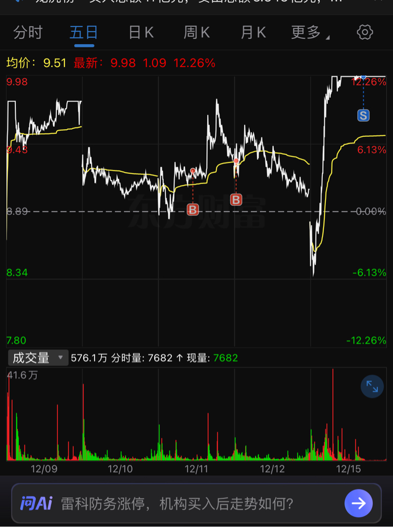 $雷科防务(SZ002413)$ 但凡你开盘直接往上走,我都高看你一眼
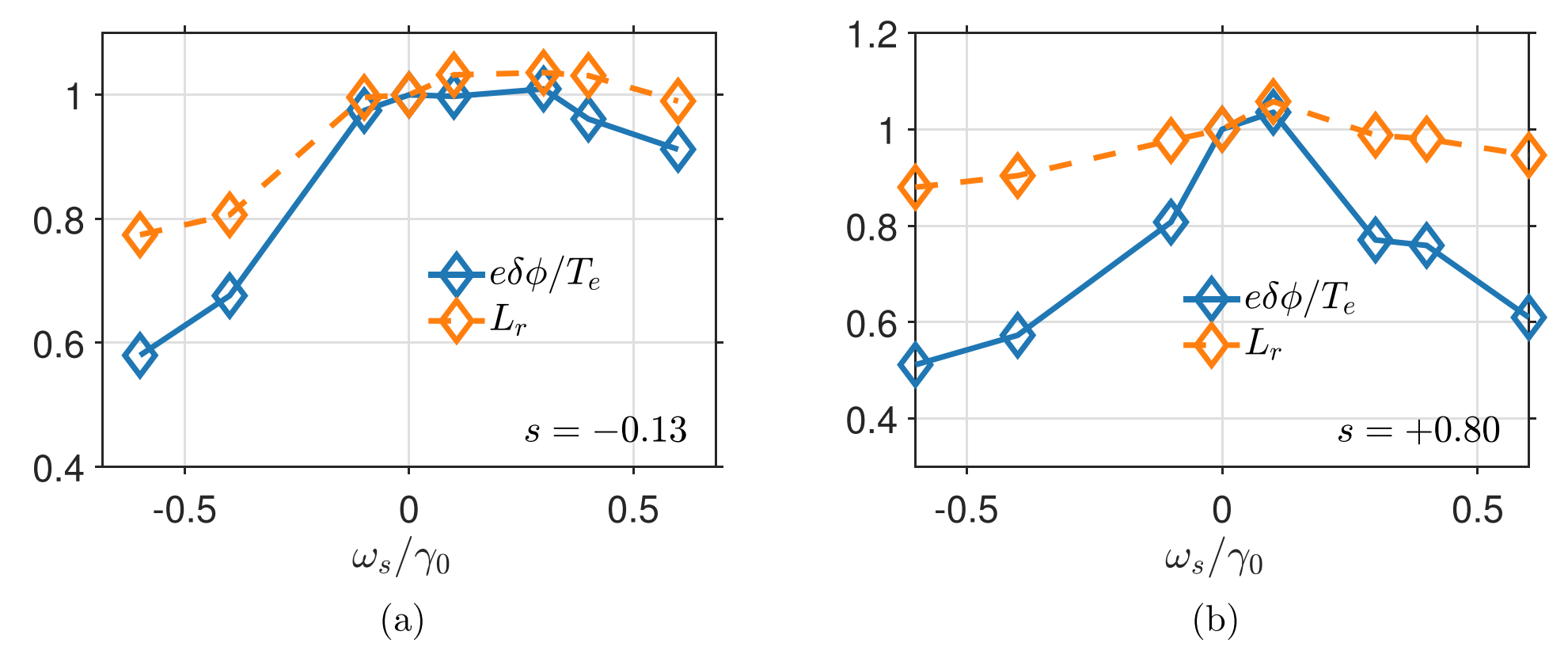 图2. (左)和(右)分别展示了磁剪切为和时,ITG扰动势和径向相关长度与Er剪切率的关系。
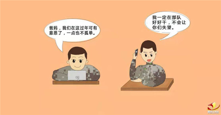 过年当然还要给家里打个电话拜年啦!给父母和亲朋送上新年问候与祝福:“爸妈,放心吧,我在部队过得很好!这个春节儿子不能在你们身边,你们一定要多保重!”
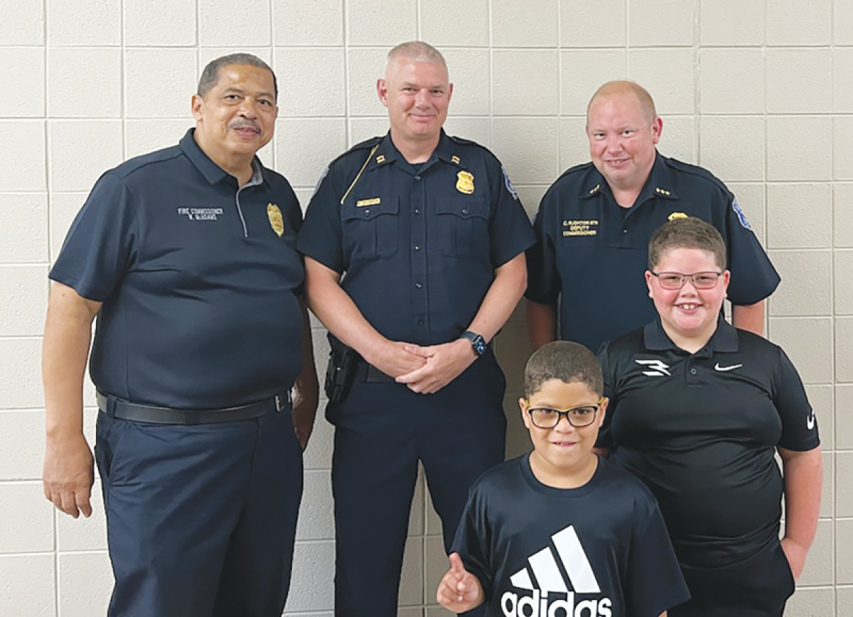 The fire commissioner, along with Warren Police Commissioner Charles Rushton and other police officers, congratulated Chance and Jaxon Mason and presented them with a goodie bag that included Warren Fire Department helmets.
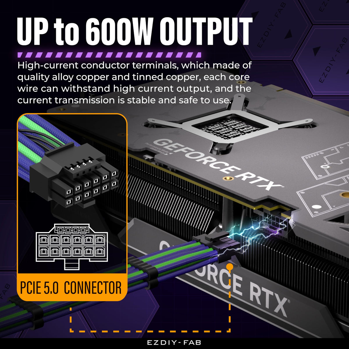 Q: How does the cable management feature work?A: The EZDIY-FAB GPU Power Sleeved Cable Extension includes 4 cable combs that help organize the cables, providing a clean and unified appearance. This feature allows for easy cable management, making your setup look more professional and tidy.
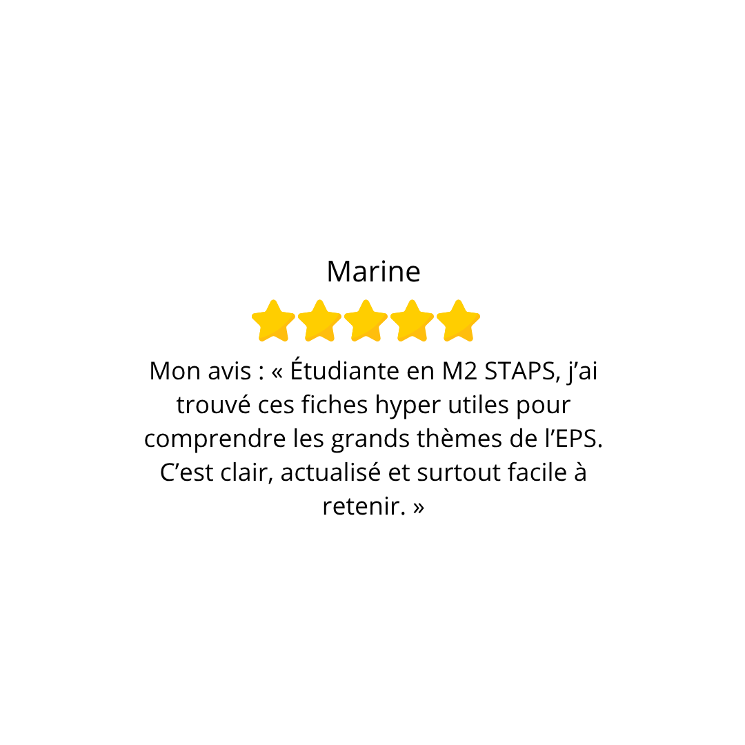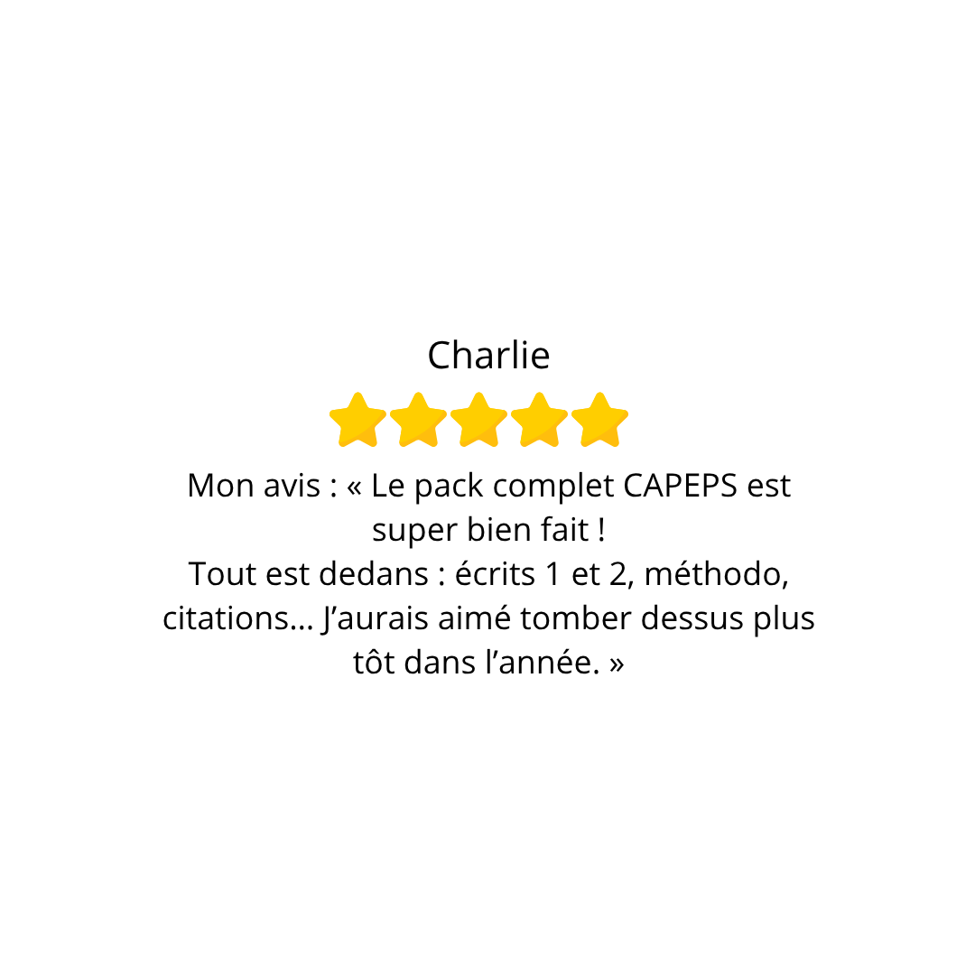 Préparez le CAPEPS avec des fiches de révision claires, concises et à jour. Réussissez les écrits et oraux grâce à des packs complets conçus par un professeur d’EPS pour des futurs professeurs. Ils ont choisi mes fiches pour préparer le CAPEPS... et ils ont réussi !
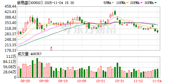 证券时报·数据宝统计显示,新易盛今日收盘价为293.00元,下跌2.33%,日换手率为5.29%,成交额为 138.79亿元,全天主力资金净流出11.34亿元,近5日该股累计下跌6.00%,近5日资金合计净流出2.21亿 元。 两融数据显示,该股最新融资余额为152.70亿元,近5日减少4.25亿元,降幅为2.71%。 机构评级来看,近5日共有2家机构给予该股评级,预计目标价最高的是国泰海通证券,11月18日国泰海 通证券发布的研报预计公司目标价为481.00元。(数据宝) 新易盛11月24日大宗交易平台出现一笔成交,成交量3.05万股,成交金额893.65万元,大宗交易成交价 为293.00元。该笔交易的买卖双方均为机构专用席位。 进一步统计,近3个月内该股累计发生7笔大宗交易,合计成交金额为1.25亿元。 11月24日新易盛大宗交易一览 | 成交量(万 | 成交金额(万 | 成交价格 | 相对当日收盘折溢价 | 买方营业 | 卖方营业 | | --- | --- | --- | --- | --- | --- | | 股) | 元) | (元) | (%) | 部 | 部 | | 3.05 | 893.6 ...
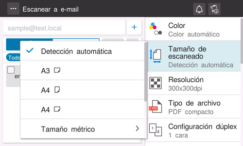 Si el tamaño del original no se detecta automáticamente, especifique el tamaño del original que desea escanear.
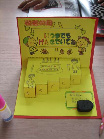 前半は学習,後半は体験活動として,敬老の日にちなんで「ありがとうカード」を作りました。
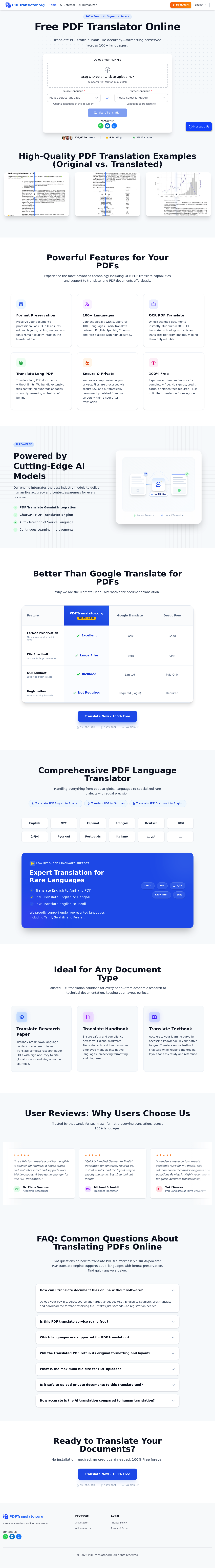 Translate PDFs online for free with PDFTranslator.org! AI-powered translation preserves formatting across 100+ languages with human-like accuracy.
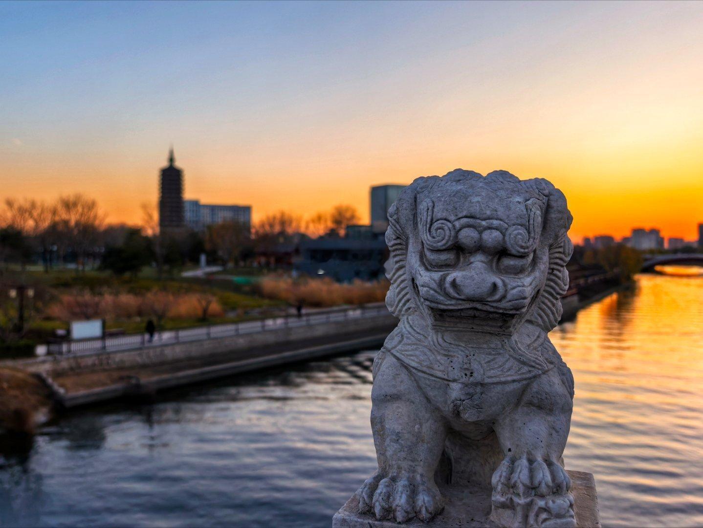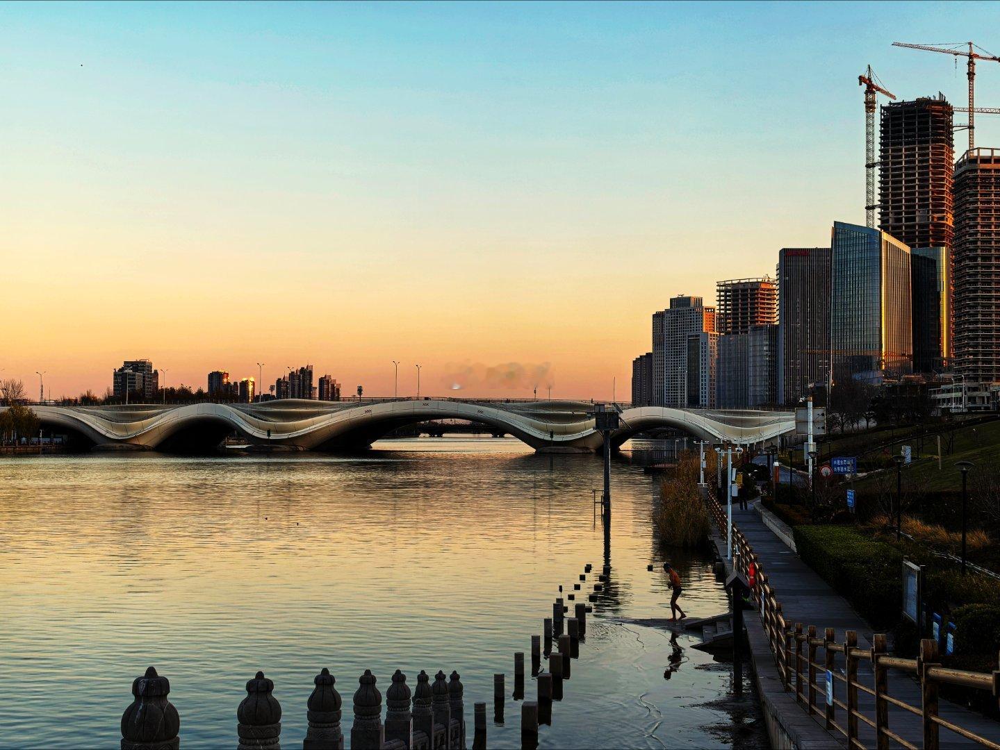冬日天坛,澄澈宁静。祈年殿金顶在暖阳下熠熠生辉,天幕上明月高悬,日月同辉,交映成
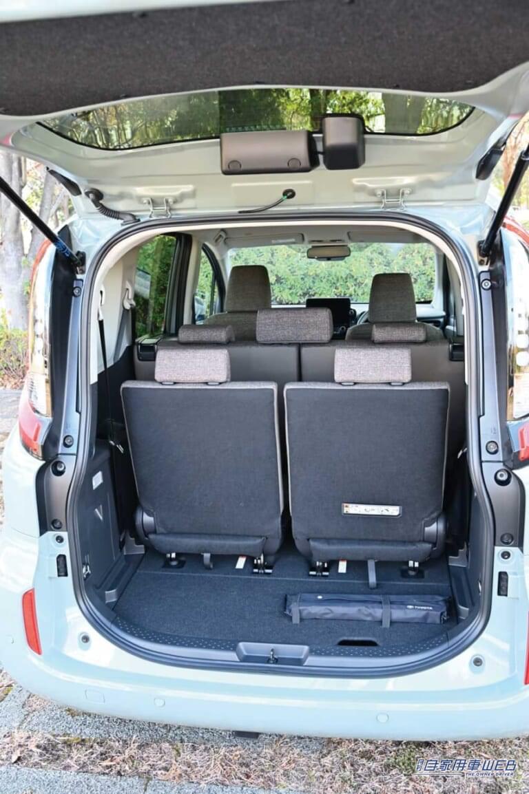 コンパクトな車体ながら、ロングドライブにも十分対応できる3列シートを実現。とくに3列目のつま先の自由度が高いのが嬉しい点。
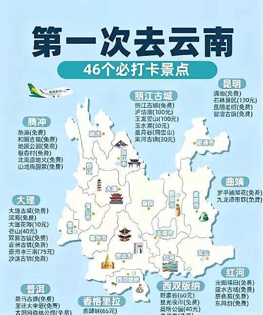 这张图呈现了云南旅游的重要景区,还对景区是否收费、是否免费做了详细标注。打算去云南旅游的朋友可以参考这张图,既能玩得开心,又能节省开支。大家不妨点赞收藏哦!

EXERCISE DIRECTIONS> For this exercise, please set down exactly the lines of the listing above from the line with "图2. (左)和(右)分别展" up to and including the line with "过年当然还要给家里打个电话拜", and no pictures.

WRITTEN SOLUTION>
 图2. (左)和(右)分别展示了磁剪切为和时,ITG扰动势和径向相关长度与Er剪切率的关系。
 过年当然还要给家里打个电话拜年啦!给父母和亲朋送上新年问候与祝福:“爸妈,放心吧,我在部队过得很好!这个春节儿子不能在你们身边,你们一定要多保重!”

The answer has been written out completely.